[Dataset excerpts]

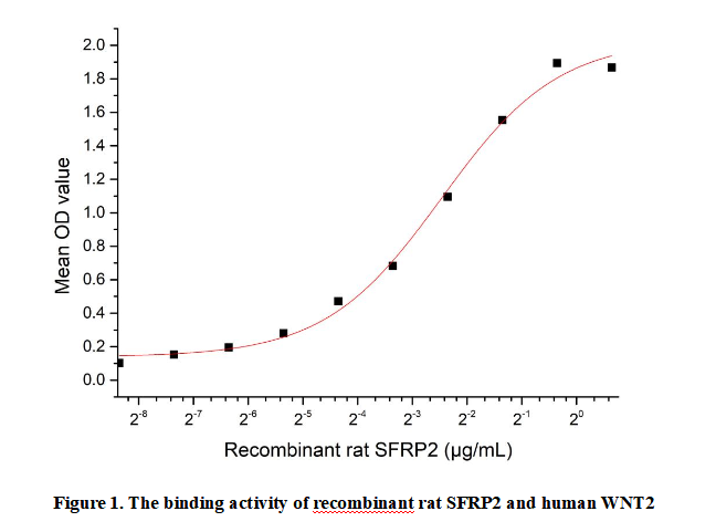 Secreted Frizzled Related Protein 2 (SFRP2) is a key modulator of the Wnt signaling pathway. It harbors a frizzled-like cysteine-rich domain (CRD) that shares homology with the Wnt-binding region of Frizzled receptors, and a C-terminal netrin domain. As a core member of the SFRP family, SFRP2 localizes in the extracellular space and exerts dual regulatory effects on Wnt signaling: it acts as an antagonist of canonical Wnt signaling while activating the noncanonical Wnt/Ca²⁺ pathway, participating in embryonic development, angiogenesis, tissue regeneration and tumorigenesis. It is widely expressed in the alimentary system, brain, embryo mesenchyme and other tissues, and its abnormal expression is associated with cardiovascular diseases and various cancers. SFRP2 binds directly to WNT2 via its CRD domain, blocking WNT2's interaction with Frizzled receptors to inhibit canonical Wnt signaling.Thus a functional ELISA assay was conducted to detect the interaction of recombinant rat SFRP2 and recombinant human WNT2. Briefly, SFRP2 was diluted serially in PBS with 0.01% BSA (pH 7.4). Duplicate samples of 100 μl were then transferred to WNT2-coated microtiter wells and incubated for 1h at 37℃. Wells were washed with PBST and incubated for 1h with anti-SFRP2 pAb, then aspirated and washed 3 times. After incubation with HRP labelled secondary antibody for 1h at 37℃, wells were aspirated and washed 5 times. With the addition of substrate solution, wells were incubated 15-25 minutes at 37℃. Finally, add 50 µl stop solution to the wells and read at 450/630nm immediately. The binding activity of recombinant rat SFRP2 and recombinant human WNT2 was shown in Figure 1, the EC50 for this effect is 0.181 µg/ml.
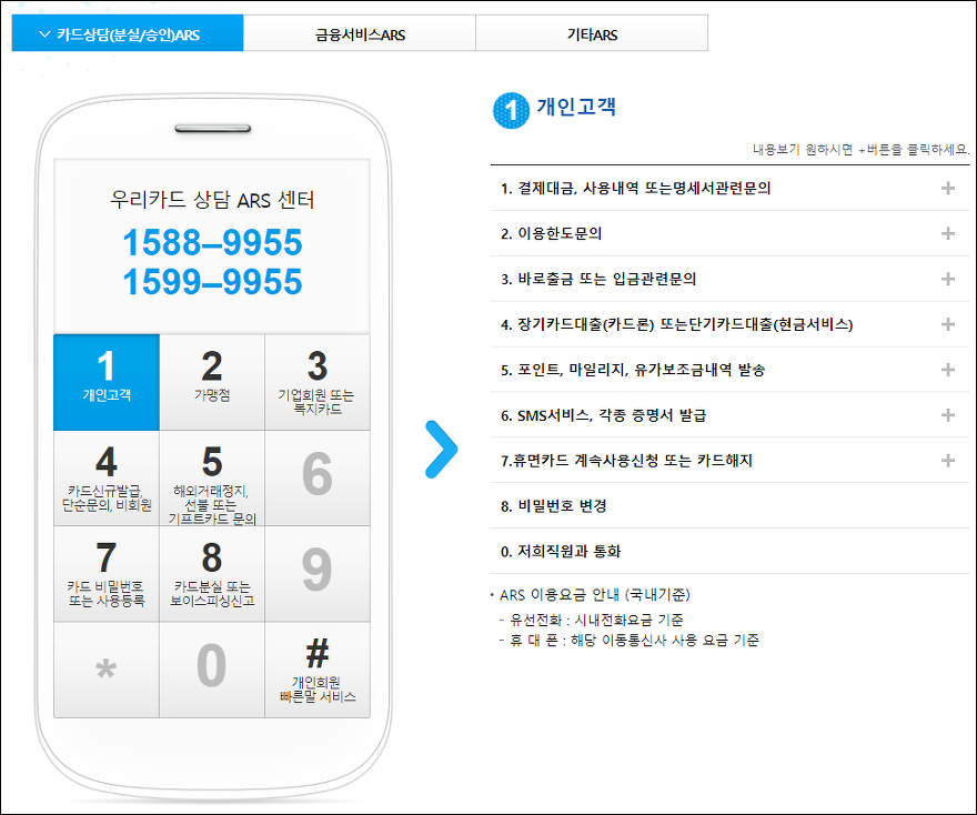 우리카드 콜센터 전화번호는 1588-9955 또는 1599-9955입니다. 상담시간은 평일 오전 9시부터 오후 6시까지 운영하고 있으니 변경을 원하시는 분들은 상담시간 내 전화하셔서 변경하시면 됩니다.
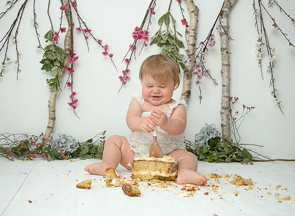 I often get asked by other photographers where I purchased this backdrop. It’s one that I use quite often for a woodland cake smash. There are so many photographers that purchase a pre-printed backdrop and use this to set the scene. But, not me. Every session is bespoke, designed and made up for you. Several years ago I sourced a number of gorgeous silver birch branches from a friend’s wood. They have been the backbone of these woodland cake smash sessions ever since. Teamed up with all sorts of colours they give a very different feel depending on the season the parents want, or which colours they would like me to include.
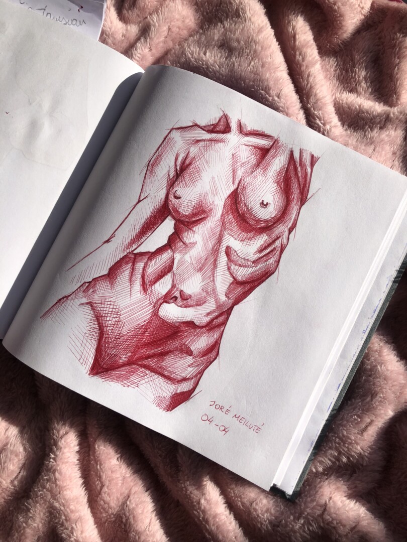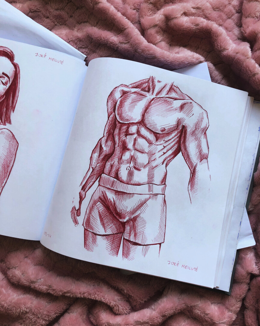 „Mane be galo žavi žmogaus kūnas ir visi jo niuansai. Dėl to vis gilinu anatomijos žinias apie kaulų, raumenų struktūrą bei išdėstymą. Žmogaus kūnas yra šventykla, sauganti daug emocijų ir potyrių. Išmanant jo sandarą, galima emocijas puikiai perteikti popieriuje“, – sako dailininkė.
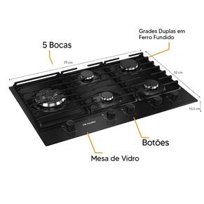 Cooktop Mueller MCG5BM 5 Bocas Tripla Chama com Mesa de Vidro
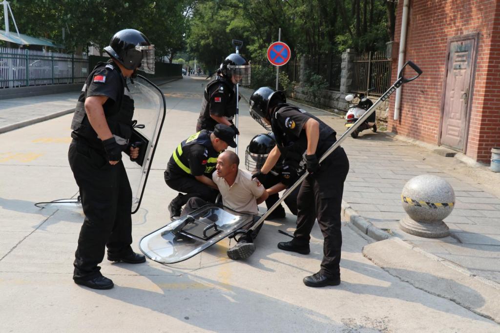 演习中,执勤门卫发现2名神情异常人员欲尾随学生混入校园,坚决阻止其进入;“暴徒”受阻后强行闯岗,一人持凶器恐吓门卫,一人持凶器劫持学生;门卫呼叫增援,并利用岗位上防暴器械进行阻挡;快速反应小组迅速出击,利用盾牌、钢叉、警棍等警具,制服“暴徒”后移交警方。
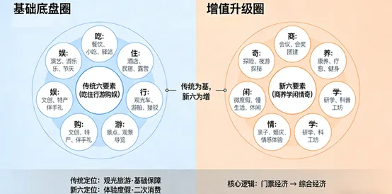 流量是这个时代的红利,但抓不住,就是竹篮打水一场空。根据青秀山管委会公布数据和相关新闻消息,2026年青秀山春节9天营收3475.63万元,二次消费占比约50%。初看看是不是挺亮眼?但你要知道,入园人数135.02万,人均消费算下来才25.7元,扣除门票经济后,景区实际二次消费获利人均不到13元。而根据文旅部相关数据显示,2025年国内5A景区门票收入占比已降至28%,而餐饮、住宿、文创等二次消费占比超60%。要知道人家的门票可比20元高很多。只能说青秀山这点数据还真可怜。根据笔者观察,目前青秀山的盈利手段非常有限,具体包括卖门票、车票、文创、餐饮(餐饮还非常简单,泡面、香肠为主,已被游客吐槽是“美食荒漠”)。从旅游老六式“吃、住、行、游、购、娱”来看,青秀山目前在“游”和“行”做的较好,但“吃、住、购、娱”方面则布局薄弱。如果从旅游新六样来看呢——“商、养、学、闲、情、奇”,青秀山似乎才触及边缘。文旅赚钱基本格局示意图(图片AI生成)
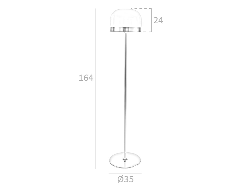 Lampadarul nostru din otel si sticla transparenta este un corp de iluminat modern si elegant, perfect pentru a adauga o nota distincta oricarei camere. Finisajul din otel auriu si abajurul din sticla securizata transparenta ofera o combinatie perfecta de stil si practicitate. Produsul nostru este fabricat din materiale de cea mai inalta calitate, garantand durabilitate si functionalitate. Designul clasic si elegant al lampadarului nostru se potriveste cu cele mai recente tendinte in decorare, creand camere cu un stil unic. Dimensiunile sale il fac piesa centrala pentru a decora si ilumina orice camera din casa ta.
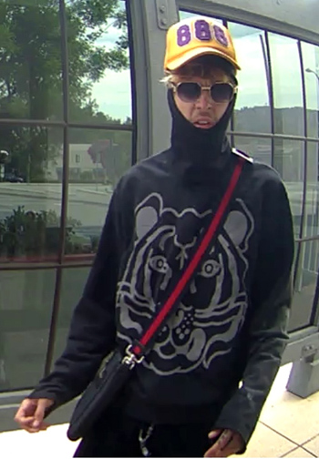 At the time he was wearing a yellow hat with “8 8 8” embroidered across the front, gold framed aviator sunglasses, a black neck gaiter, a black “Kenzo” tiger print sweater, black sweatpants, black shoes and carrying a dark gray Gucci satchel. The suspect also has tattoos on his left hand/fingers.
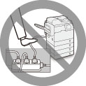 Si la partie branchement du cordon d'alimentation est soumise à une tension trop importante, cela risque d'endommager le cordon ou les fils situés à l'intérieur de la machine peuvent se déconnecter et provoquer ainsi un incendie. Eviter les situations suivantes :
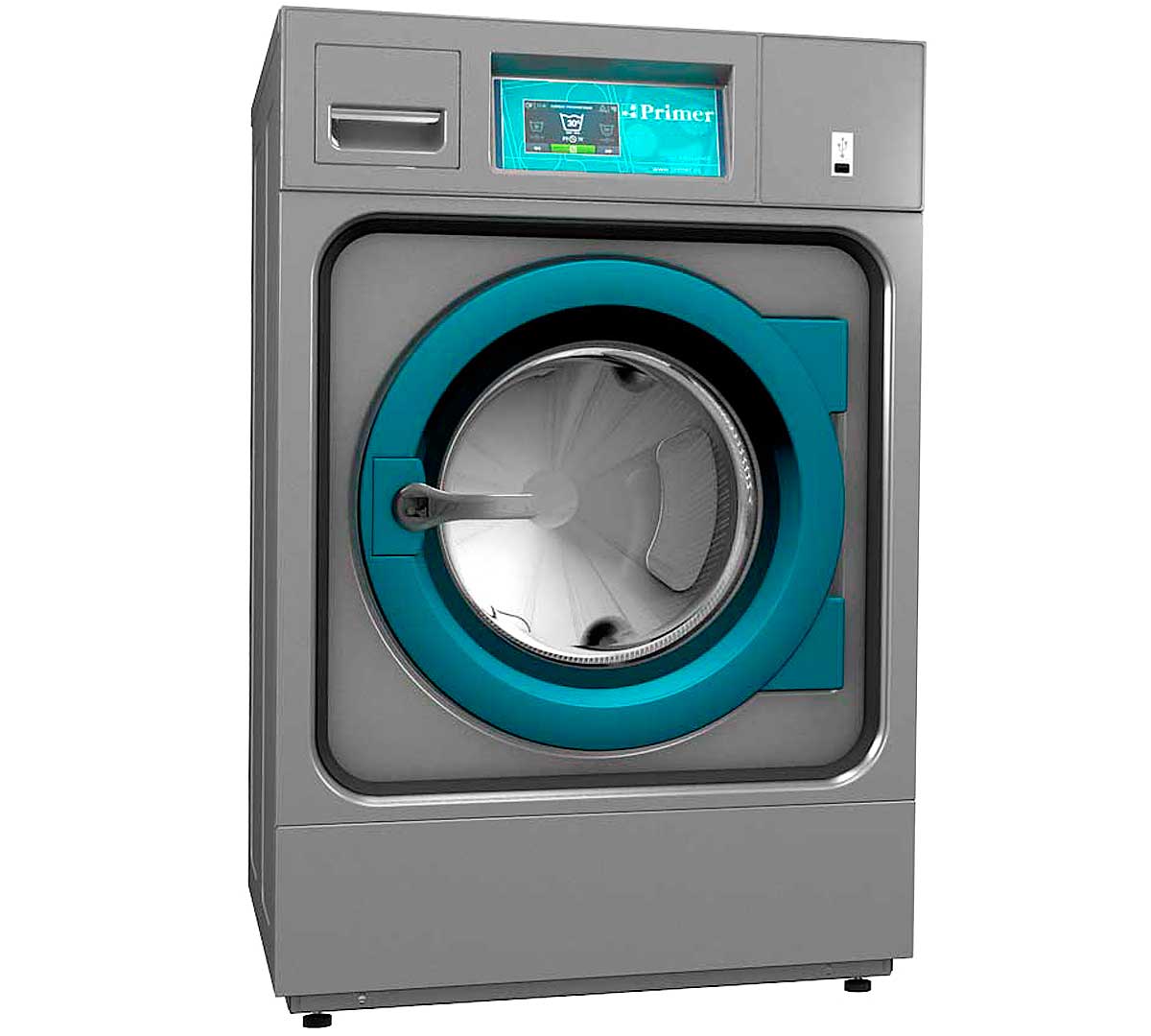 Lavadora profesional alta velocidad factor g 450 con válvula de desagüe LP-8 V T2 de PRIMER con mueble exterior de skinplate gris.
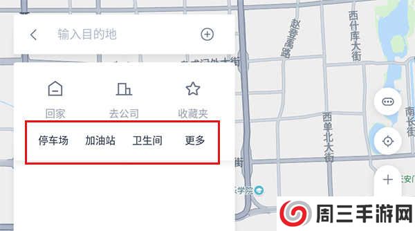 2、输入目的地,可以查看最近的停车场、加油站、卫生间等;
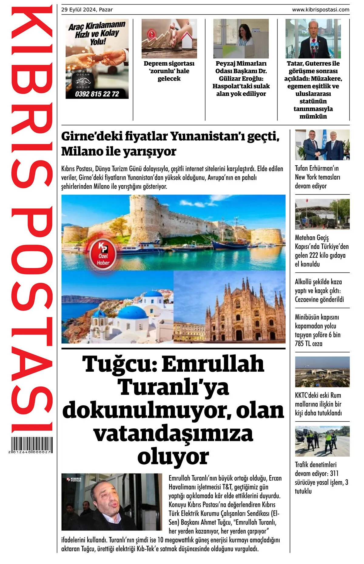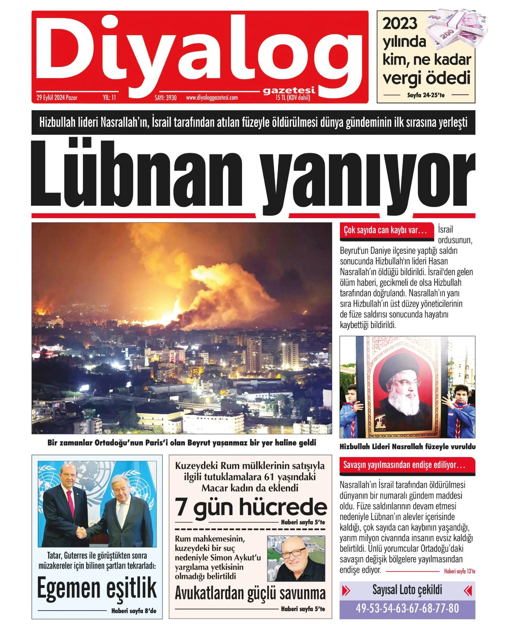 29 Eylül 2024 Pazar Gazete Manşetleri
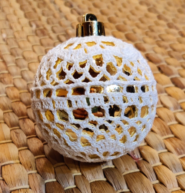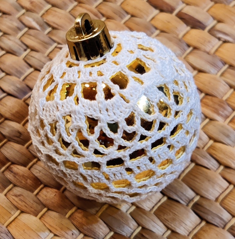 Eine tolle Art eure Christbaumkugeln mit einem Filetmuster zu verschönern.
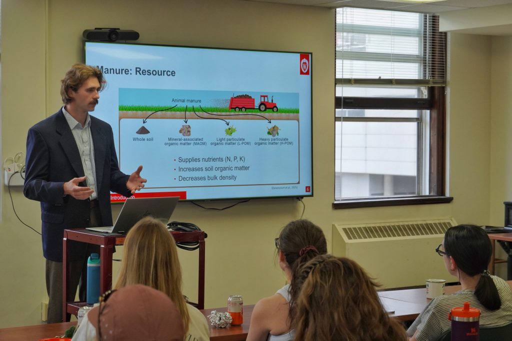 We are proud to share that Josh and Mitch presented their exciting research at the Dairy Symposium at our Memorial Union! Mitch won second place in the poster competition for his poster titled From slurry to soil: investigating the effects of acidified manure and dicyandiamide-treated
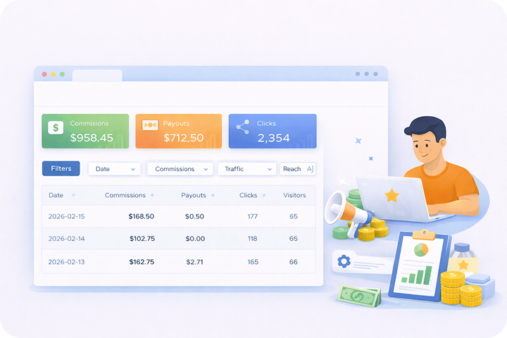 Kartivo gives your affiliates the ability to view and generate reports on commissions, payouts and traffic
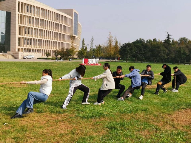 图书馆南草坪,拔河活动紧张而精彩,随着一声哨响,两方各有各的口号,开始卖力拔绳子,场面由低潮到高潮,部分同学在旁呐喊加油,双方都不甘落后,口号喊的也铿锵有力,整个氛围都被带动起来。
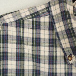 LL Bean Cream Blue Green Red Plaid Button Up Shirt
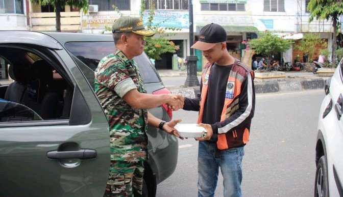 Jum'at Berkah, Kasdim 0209/LB Berbagi Nasi Kotak dengan Abang Becak dan Petugas Parkir
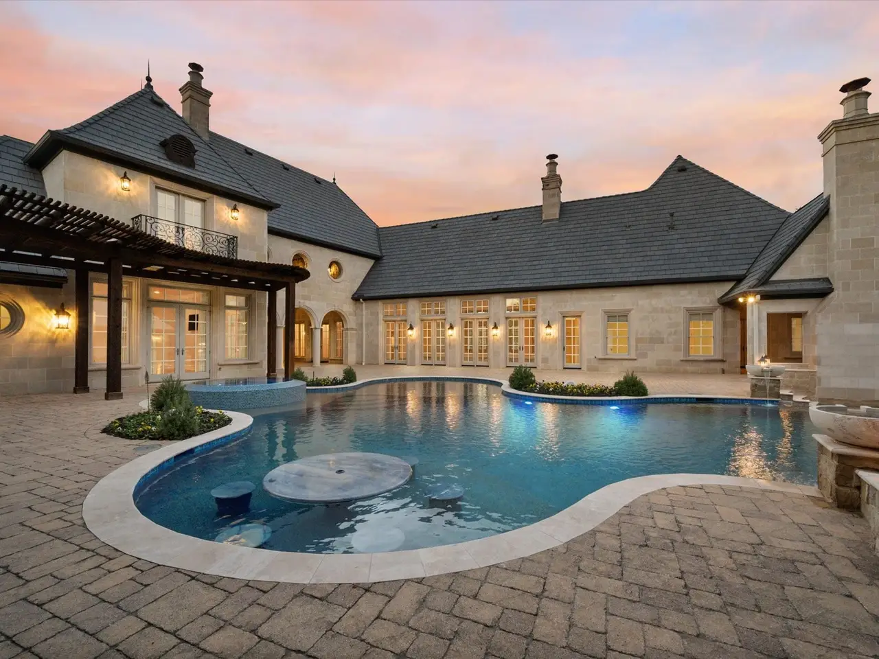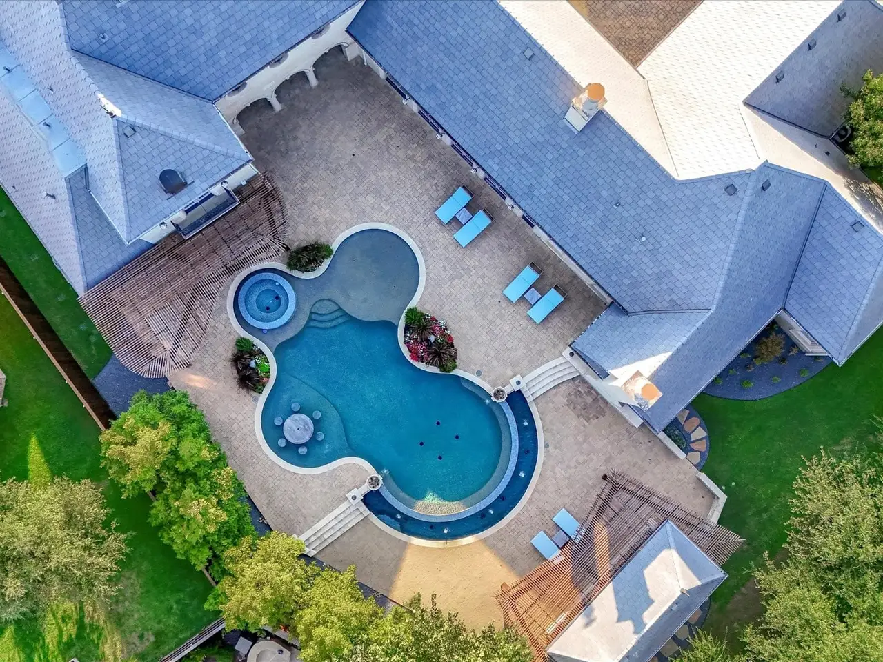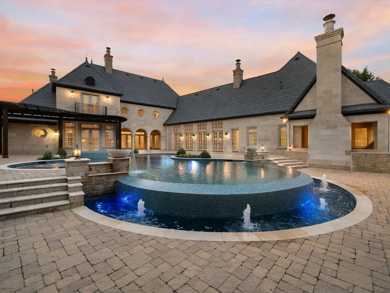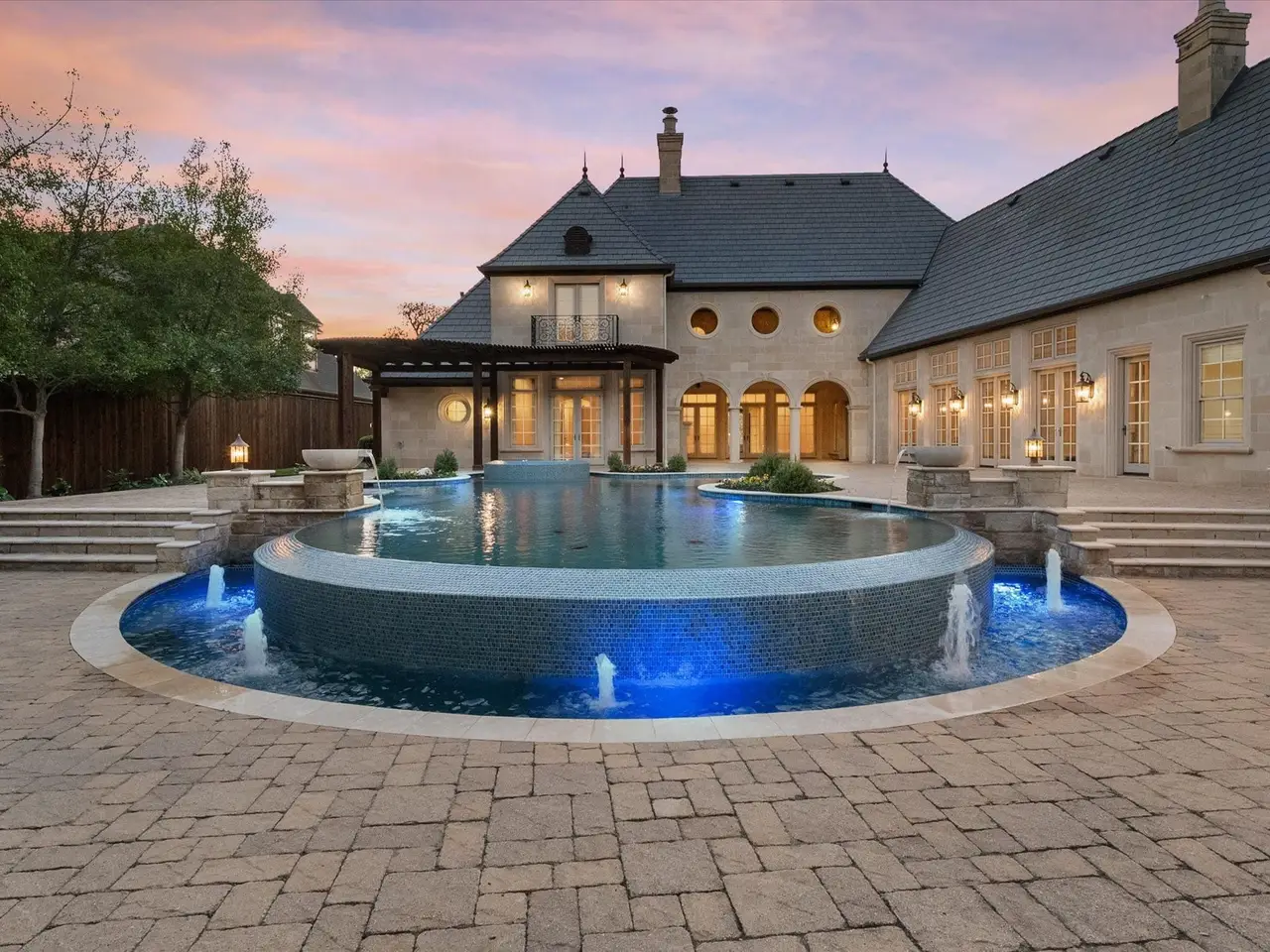 Nestled on nearly three-quarters of an acre in Mansfield's prestigious Strawberry Fields, this stunning estate spans an impressive 8,585 square feet. It features 5 bedrooms, 7 full baths, and 2 half baths, showcasing unparalleled luxury and thoughtful design. As you step inside, you're greeted by an elegant and grand ambiance. The home offers two master suites, each serving as a private retreat. The downstairs master suite includes French doors that open to the pool area for seamless indoor-outdoor living. It also features a coffee bar, dual closets, dual sinks, a walk-in shower, and a luxurious jetted tub. Upstairs, the second master suite boasts a spectacular bathroom and breathtaking views of the outdoor spaces. This estate includes two versatile offices, one equipped with a fireplace and a tornado shelter, and the other with built-ins and a full bath, offering the potential to serve as a sixth bedroom. Throughout the home, the exquisite finishes and meticulous craftsmanship elevate every corner. The kitchen is a chef's dream, equipped with a 5-burner gas cooktop, a new built-in refrigerator, microwave, dishwasher, and an expansive walk-in pantry. The living area is designed for both comfort and entertainment, with large glass doors that seamlessly merge indoor and outdoor spaces. The outdoor area is a true paradise, perfect for entertaining or relaxing. It includes a custom negative-edge pool with fountain features, a tiled spa, an in-pool granite table with seating, and a spacious sun deck. The cabana and two patios, each with a fireplaceone also equipped with an outdoor kitchenenhance the space's versatility and charm. Other amenities include an elevator, a game room, updated HVAC units, fresh paint, exterior coach lights, and a new custom Davinci RoofScape roof. The estate offers ample parking with a 3-car garage featuring a fully floored attic and a separate 1-car garage with HVAC. The gated driveway provides added security and plenty of parking space.

Exercise objective: In the entries above, find the line containing "29 Eylül 2024 Pazar Gazete Manşetleri" and the line containing "Jum'at Berkah, Kasdim"; give again exactly those two lines and every line between them, minus the pictures.

Exercise response:
 29 Eylül 2024 Pazar Gazete Manşetleri
 Eine tolle Art eure Christbaumkugeln mit einem Filetmuster zu verschönern.
 We are proud to share that Josh and Mitch presented their exciting research at the Dairy Symposium at our Memorial Union! Mitch won second place in the poster competition for his poster titled From slurry to soil: investigating the effects of acidified manure and dicyandiamide-treated
 Kartivo gives your affiliates the ability to view and generate reports on commissions, payouts and traffic
 图书馆南草坪,拔河活动紧张而精彩,随着一声哨响,两方各有各的口号,开始卖力拔绳子,场面由低潮到高潮,部分同学在旁呐喊加油,双方都不甘落后,口号喊的也铿锵有力,整个氛围都被带动起来。
 LL Bean Cream Blue Green Red Plaid Button Up Shirt
 Jum'at Berkah, Kasdim 0209/LB Berbagi Nasi Kotak dengan Abang Becak dan Petugas Parkir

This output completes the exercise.